Material provided -
_ _ _ _ _
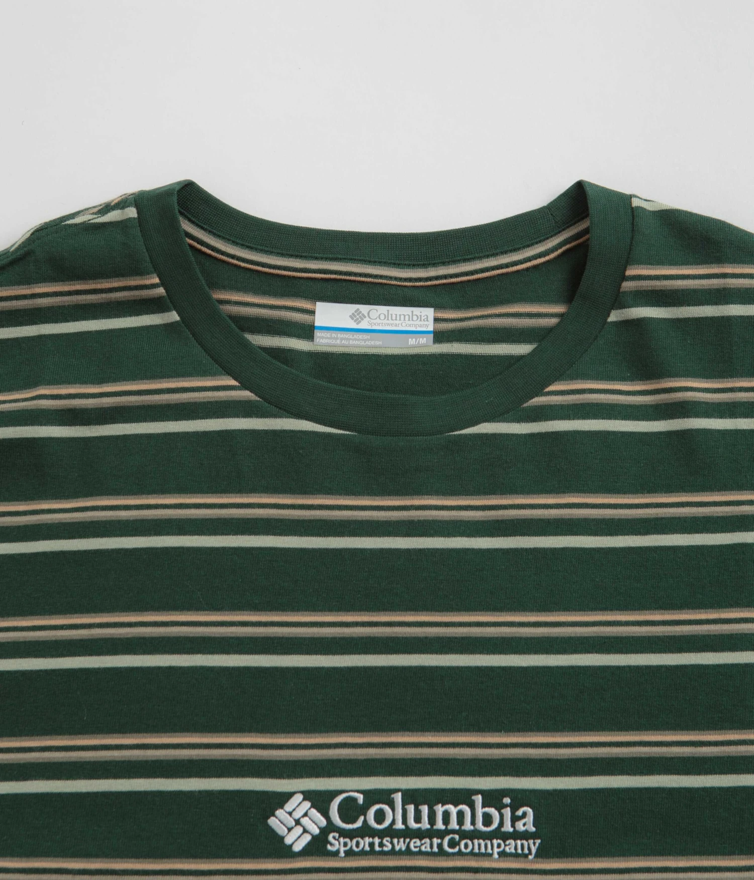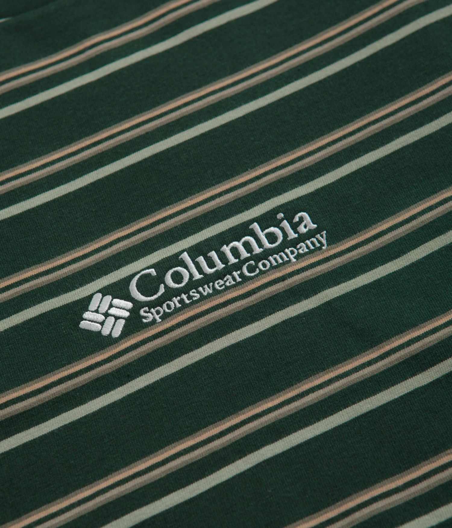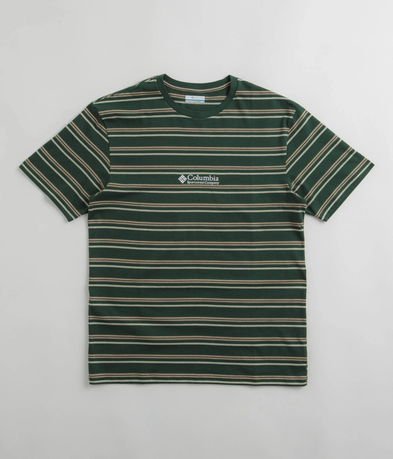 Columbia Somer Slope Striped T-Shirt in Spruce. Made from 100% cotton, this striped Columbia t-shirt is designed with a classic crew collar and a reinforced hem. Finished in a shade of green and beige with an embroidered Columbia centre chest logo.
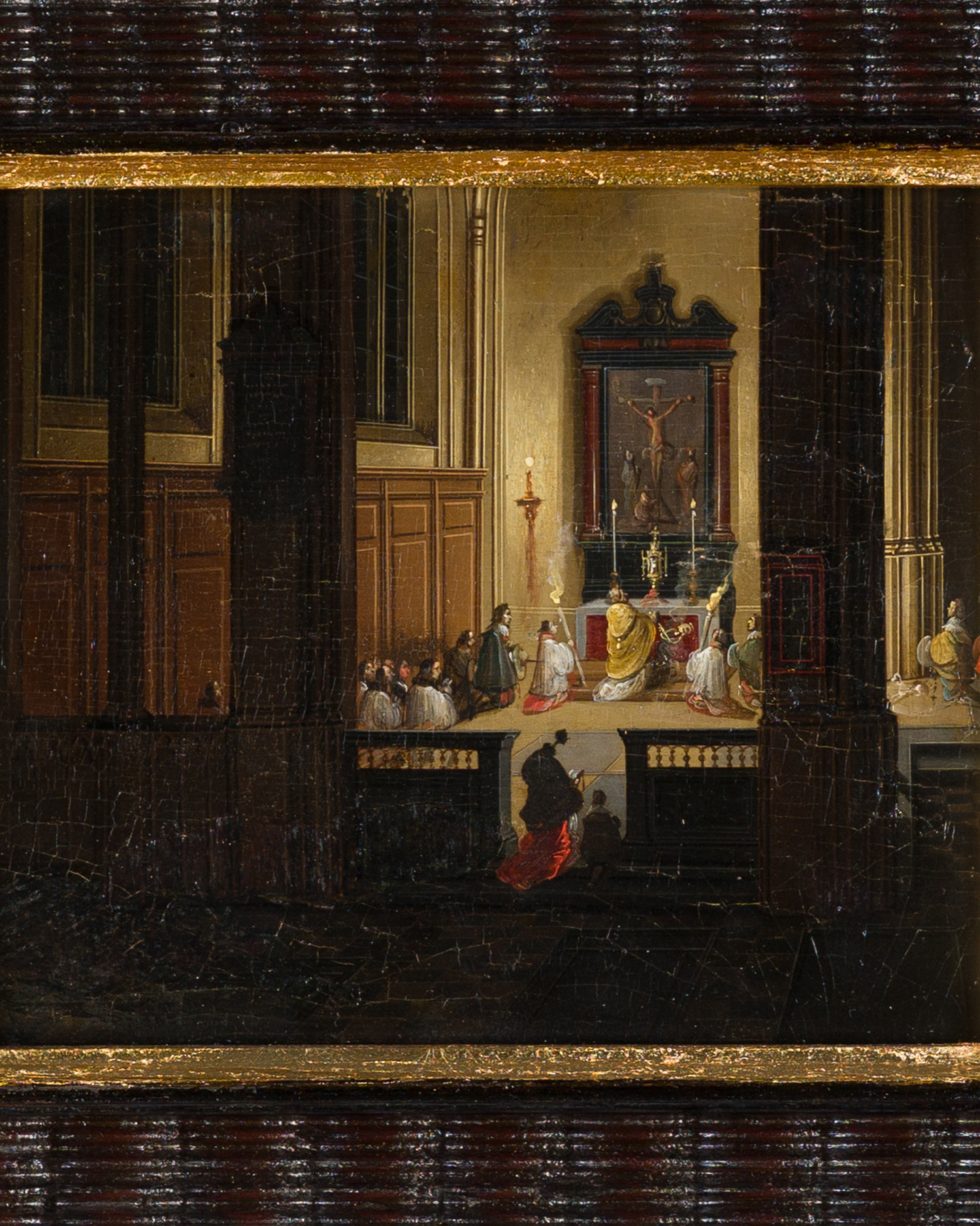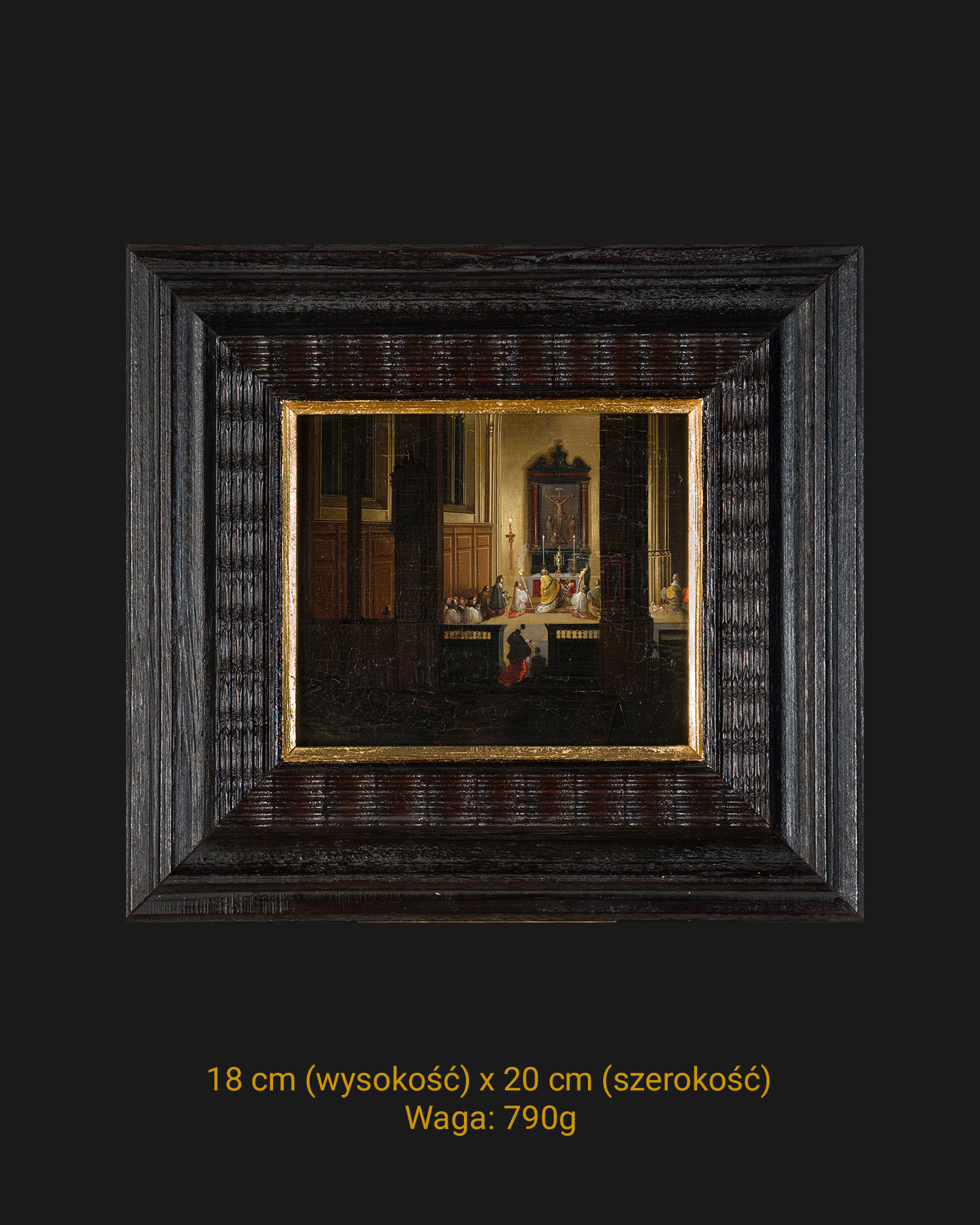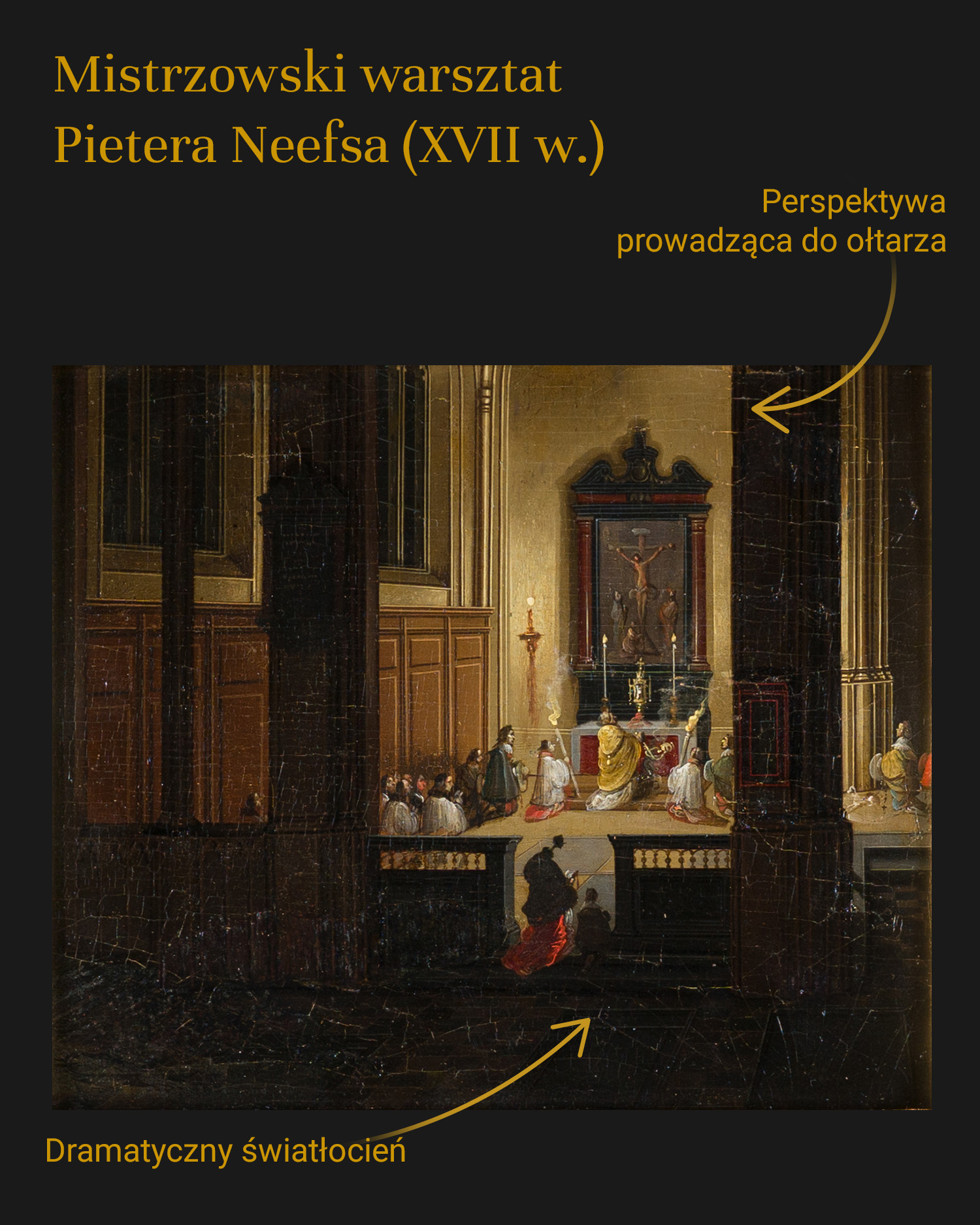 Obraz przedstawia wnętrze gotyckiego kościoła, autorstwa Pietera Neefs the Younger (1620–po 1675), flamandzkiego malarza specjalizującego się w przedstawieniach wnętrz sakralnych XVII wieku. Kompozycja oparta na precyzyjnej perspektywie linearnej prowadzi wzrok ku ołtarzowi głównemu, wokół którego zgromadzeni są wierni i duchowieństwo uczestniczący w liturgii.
_ _ _ _ _
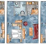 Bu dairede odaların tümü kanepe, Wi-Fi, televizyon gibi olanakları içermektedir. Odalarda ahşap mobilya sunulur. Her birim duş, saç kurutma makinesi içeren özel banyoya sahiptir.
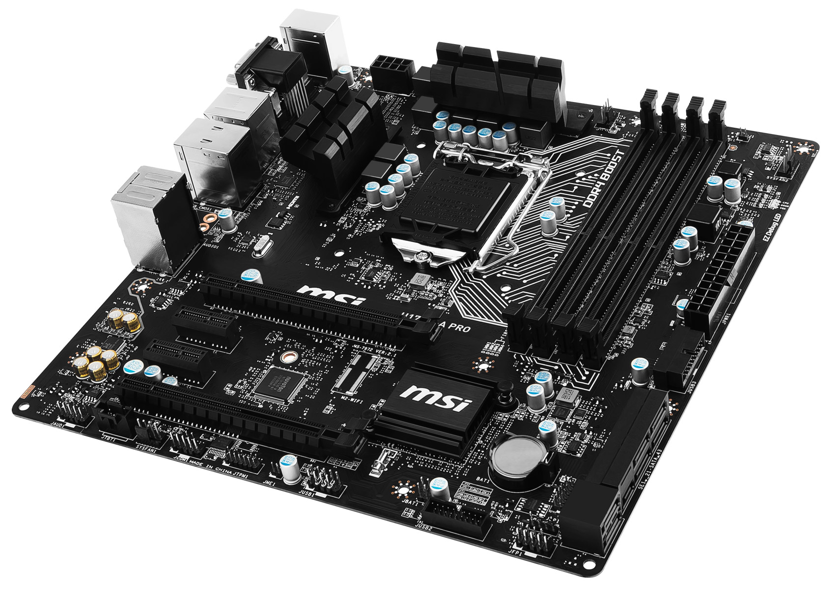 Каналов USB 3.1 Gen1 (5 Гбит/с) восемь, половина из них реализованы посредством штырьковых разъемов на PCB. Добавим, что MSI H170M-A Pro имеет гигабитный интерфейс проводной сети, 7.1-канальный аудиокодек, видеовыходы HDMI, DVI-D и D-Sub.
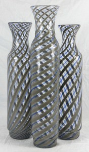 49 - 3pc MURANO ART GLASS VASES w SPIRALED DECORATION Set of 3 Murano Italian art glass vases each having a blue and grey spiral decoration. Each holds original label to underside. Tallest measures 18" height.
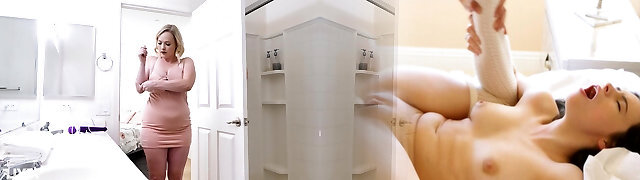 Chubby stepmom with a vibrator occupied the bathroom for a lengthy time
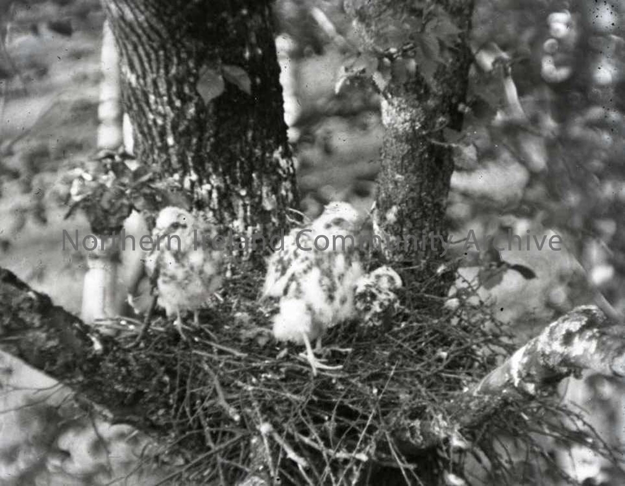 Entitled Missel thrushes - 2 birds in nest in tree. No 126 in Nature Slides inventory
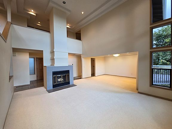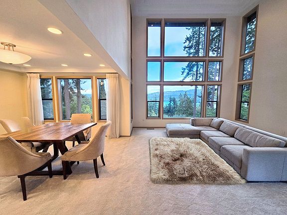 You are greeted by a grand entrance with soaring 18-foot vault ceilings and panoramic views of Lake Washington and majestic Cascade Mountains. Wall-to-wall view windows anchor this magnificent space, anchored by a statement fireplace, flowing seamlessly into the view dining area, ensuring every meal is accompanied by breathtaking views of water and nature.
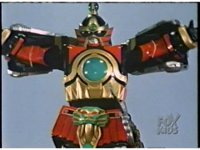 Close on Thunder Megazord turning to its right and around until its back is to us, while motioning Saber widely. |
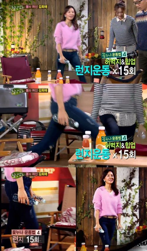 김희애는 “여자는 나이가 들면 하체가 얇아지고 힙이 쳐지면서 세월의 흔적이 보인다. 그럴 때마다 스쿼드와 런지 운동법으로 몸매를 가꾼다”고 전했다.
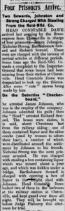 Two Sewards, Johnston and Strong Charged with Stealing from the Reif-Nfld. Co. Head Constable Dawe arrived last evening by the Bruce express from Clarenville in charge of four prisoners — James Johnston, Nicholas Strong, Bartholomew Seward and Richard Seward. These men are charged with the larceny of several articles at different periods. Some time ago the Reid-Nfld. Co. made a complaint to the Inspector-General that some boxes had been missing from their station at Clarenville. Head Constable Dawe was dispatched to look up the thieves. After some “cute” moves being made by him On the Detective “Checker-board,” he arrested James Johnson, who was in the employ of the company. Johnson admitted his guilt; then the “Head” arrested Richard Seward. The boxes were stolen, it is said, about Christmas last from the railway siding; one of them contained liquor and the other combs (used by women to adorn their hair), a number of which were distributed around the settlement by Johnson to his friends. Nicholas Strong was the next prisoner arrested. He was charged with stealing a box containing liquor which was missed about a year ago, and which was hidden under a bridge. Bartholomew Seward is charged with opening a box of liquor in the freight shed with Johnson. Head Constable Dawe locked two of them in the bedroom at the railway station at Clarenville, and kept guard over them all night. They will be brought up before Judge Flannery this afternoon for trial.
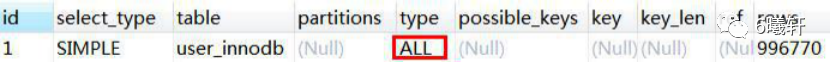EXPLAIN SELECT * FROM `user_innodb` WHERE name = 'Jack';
_ _ _ _ _
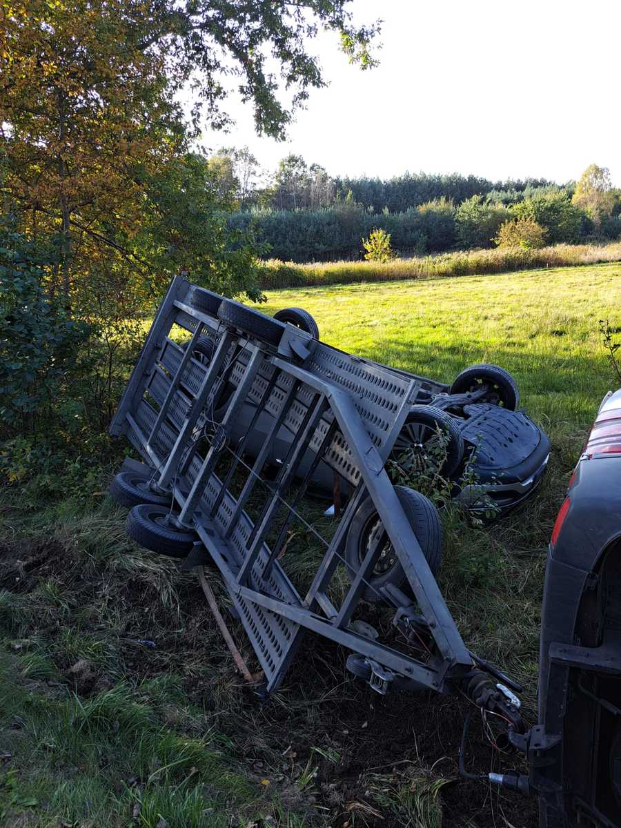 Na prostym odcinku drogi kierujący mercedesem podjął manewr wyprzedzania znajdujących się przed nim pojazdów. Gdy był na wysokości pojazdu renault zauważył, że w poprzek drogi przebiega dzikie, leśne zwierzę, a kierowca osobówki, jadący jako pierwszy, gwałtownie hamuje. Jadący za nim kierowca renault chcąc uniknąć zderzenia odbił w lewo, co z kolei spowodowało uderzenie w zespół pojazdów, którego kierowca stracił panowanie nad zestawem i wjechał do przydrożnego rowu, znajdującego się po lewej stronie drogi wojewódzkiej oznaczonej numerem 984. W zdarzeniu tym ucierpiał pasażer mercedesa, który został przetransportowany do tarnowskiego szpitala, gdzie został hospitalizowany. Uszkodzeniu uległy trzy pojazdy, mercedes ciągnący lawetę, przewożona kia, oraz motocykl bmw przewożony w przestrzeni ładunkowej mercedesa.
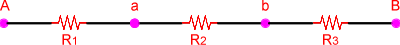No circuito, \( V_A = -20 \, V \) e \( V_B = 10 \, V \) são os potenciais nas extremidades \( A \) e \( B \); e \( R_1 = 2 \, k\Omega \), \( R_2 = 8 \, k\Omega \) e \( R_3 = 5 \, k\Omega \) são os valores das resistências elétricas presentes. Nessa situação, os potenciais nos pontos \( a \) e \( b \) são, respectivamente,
_ _ _ _ _
Work task -
With the pictures removed, print only the lines starting at the line that has "Chubby stepmom with" and ending at the line that has "들면 하체가 얇아지고", both ends included, exactly as they stand above.

Task output -
 Chubby stepmom with a vibrator occupied the bathroom for a lengthy time
 Entitled Missel thrushes - 2 birds in nest in tree. No 126 in Nature Slides inventory
 You are greeted by a grand entrance with soaring 18-foot vault ceilings and panoramic views of Lake Washington and majestic Cascade Mountains. Wall-to-wall view windows anchor this magnificent space, anchored by a statement fireplace, flowing seamlessly into the view dining area, ensuring every meal is accompanied by breathtaking views of water and nature.
 Close on Thunder Megazord turning to its right and around until its back is to us, while motioning Saber widely. |
 김희애는 “여자는 나이가 들면 하체가 얇아지고 힙이 쳐지면서 세월의 흔적이 보인다. 그럴 때마다 스쿼드와 런지 운동법으로 몸매를 가꾼다”고 전했다.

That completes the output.